For Wordsworth, the ontological unity of which humankind forms a part at times inspires a longing for division, and at times coincides with the helplessness of isolation and alienation; the failure of human society and actions exacerbates both the longing and the helplessness. It is the hidden strength of the sympathetic imagination to reconcile humankind to the longing or the alienation, and maybe to overcome either.
It is a problem that turns back on the poet in his own work, because poetry is just such an act of sympathetic imagination, and a means of bringing the world into the right light; but it cannot escape, any more than people in the world, the alternatives of longing for division and alienation from existence. It too must proceed from those foundations, which is why Wordsworth, far from being drawn to the self as a narcissist or egoist, is drawn there because he cannot claim to be exempt; and his own encounters with longing and alienation, his self-accusations, his self-doubts, and the doubts he feels about the world, are generalizable, even without his having to say so, because he has located the movements of theology within himself. Terms like “longing for division” and “alienation,” and even grace, are not exclusively religious in their application, but they owe a great deal to religious origins and theological argument; for a poet, though, they are tools that permit for such breadth of illumination to proceed from an account of a single self.

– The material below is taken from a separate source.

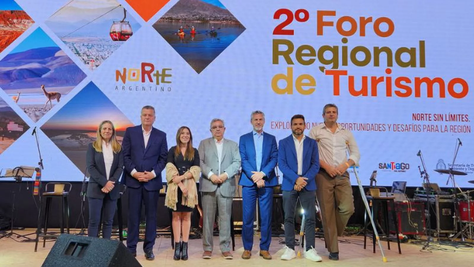 El primer mandatario local estuvo acompañado en el escenario por la ministra de Cultura, Turismo y Deporte catamarqueña, Daiana Roldán, la mencionada tucumana Inés Frías Silva, y los ministros de Turismo y Deportes de Salta, Mario Peña; de Cultura y Turismo de Jujuy, Federico Posadas; de Turismo y Culturas de La Rioja, Gustavo Luna; y el subsecretario de Turismo de Santiago del Estero, Nelson Bravo.
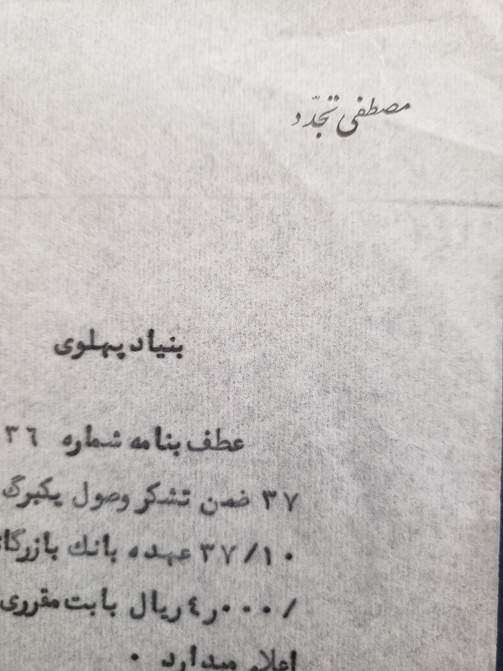 امضا و سربرگ مصطفی تجدد وزیر بازرگانی، رییس بانک بازرگانی، سناتور و سیاستمدار ایرانی

In the twentieth century and the early part of the twenty-first too, the late poetry of Geoffrey Hill attempts the same (and with success). Wordsworth finds most of what he needs in Milton; Adam’s self-reproach in Book 10 of Paradise Lost is the first Romantic lyric. I don’t agree with Harold Bloom that Milton casts a shadow on all later poets, but I believe that Milton-in-Wordsworth does, because of how Wordsworth adapts for so many new contexts what Milton had mastered in another. Reading Milton’s Paradise Lost with Wordsworth in the front of one’s memory, it is hard not to feel that the epic is not already an epic of a self: choice is one of its great themes; responsibility is another; and creation another still.

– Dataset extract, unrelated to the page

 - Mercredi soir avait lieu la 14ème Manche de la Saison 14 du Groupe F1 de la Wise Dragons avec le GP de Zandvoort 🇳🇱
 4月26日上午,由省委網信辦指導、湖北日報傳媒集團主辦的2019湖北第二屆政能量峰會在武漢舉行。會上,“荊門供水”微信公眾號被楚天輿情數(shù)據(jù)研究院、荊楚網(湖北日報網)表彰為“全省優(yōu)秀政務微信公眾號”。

In Milton, Wordsworth found the resources to account for the self so that he was also accounting for the world. The former was not mere predilection, but a belief that any account of the world must be defined by, arbitrated through, the self. At the same time, the threat was apparent to Wordsworth: a poetry defined and arbitrated by the self might be too narrow, too particular to offer a persuasive account of the world, might fail to hold anything beyond personal foibles and failings to account.